Saturday, July 9, 2011

HOUSE

Did you think I was dead?  I wasn't.  Things have just been crazy what with MOVING INTO OUR NEW HOUSE AND ALL.  HOORAY!!  But moving with an infant... yeah, not so fun.  I think that doing so MIGHT be worse than having gonorrhea -- but since I've never had gonorrhea, I can't exactly confirm that statement.  Big relief, huh Dad? 

Anyway, brief summary of the last week or so, in no particular order:

- One of my movers, LeDon, said to me (after looking at a framed picture circa 2004) "my partner don't believe that's you.  I said 'yeah man, that's HER!  She just had a kid, that's all.' "  Thanks, LeDon.  SIDENOTE:  LEDON'S PARTNER ALSO HAD A NECK TAT!!!!!!!!!!!!!!!  2nd mover in less than a year with a neck tat.... 

- I sort of forgot to get the gas turned on at the house... and it took them OVER A WEEK to "fit us in" their schedule.  I DID manage to get lights and water (thanks to Mimi and Pops reminding me), but that pesky other one that heats water and cooks food sort of fell through the cracks. 

In retrospect, I think that we would have been ok for a while with what hot water we had left in the heater had it not been for the bubble bath I took within an hour of moving in.  I deserved that bubble bath though.  Logie Bear had a major diaper explosion in his swing, and my muscles were sore from standing around telling the movers what to do all day.  Once I was nice and relaxed in my bath I called Willis (who was back at the apartment) and said "I'm in a nice big bubble bath!!!!!!"  To which he answered "where's Logie?"  me: "Oh no worries, he's in his exersaucer right by the bathroom door and I'm singing to him."  Poor Willis.  Having to work remotely, standing up, in an apartment with nothing in it while washing his kid's shit soaked swing seat all while his wife relaxes in a fabulous bubble bath in the new house he just bought. 

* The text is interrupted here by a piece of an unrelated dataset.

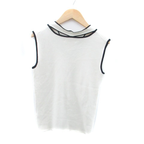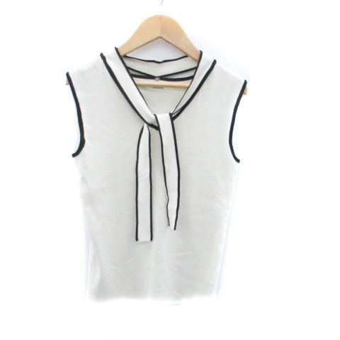 アンデミュウ Andemiu ニット カットソー ボウタイ ノースリーブ F オフホワイト 黒 ブラック /HO55 レディース

- Today Willis and I went chair shopping for his media room.  Willis HATES salespeople... specifically furniture salespeople.  He has a thing.  So it should come as no surprise that Stefan the Salesman accosted us the second we stepped through the door and started tailing us throughout the store.  If we'd sit in a chair or pause AT ALL, he'd swoosh over with some fun fact about what we were looking at.  "You know, that chair is made in Mississippi."  Really, Stefan?  Did you know that I don't really give a shit where this chair is made?  As we were leaving (because Willis had HAD IT with Stefan), Willis says in his BOOMING voice -- decibels above everything and everyone else -- "YOU KNOW HOW IN JURASSIC PARK THE VELOCIRAPTORS STALK THEIR PREY BEFORE ATTACKING AND EATING THEM?  I FEEL LIKE STEFAN IS A VELOCIRAPTOR AND WE ARE HIS PREY, ABOUT TO GET EATEN.” It was SO loud.

I have to go because we are currently doing our "cry it out" program with Logie and he is screaming his head off and I feel terrible so I'm going to go outside for a bit (don't worry, Willis is doing the "check ins" -- MY POOR LITTLE LAMB).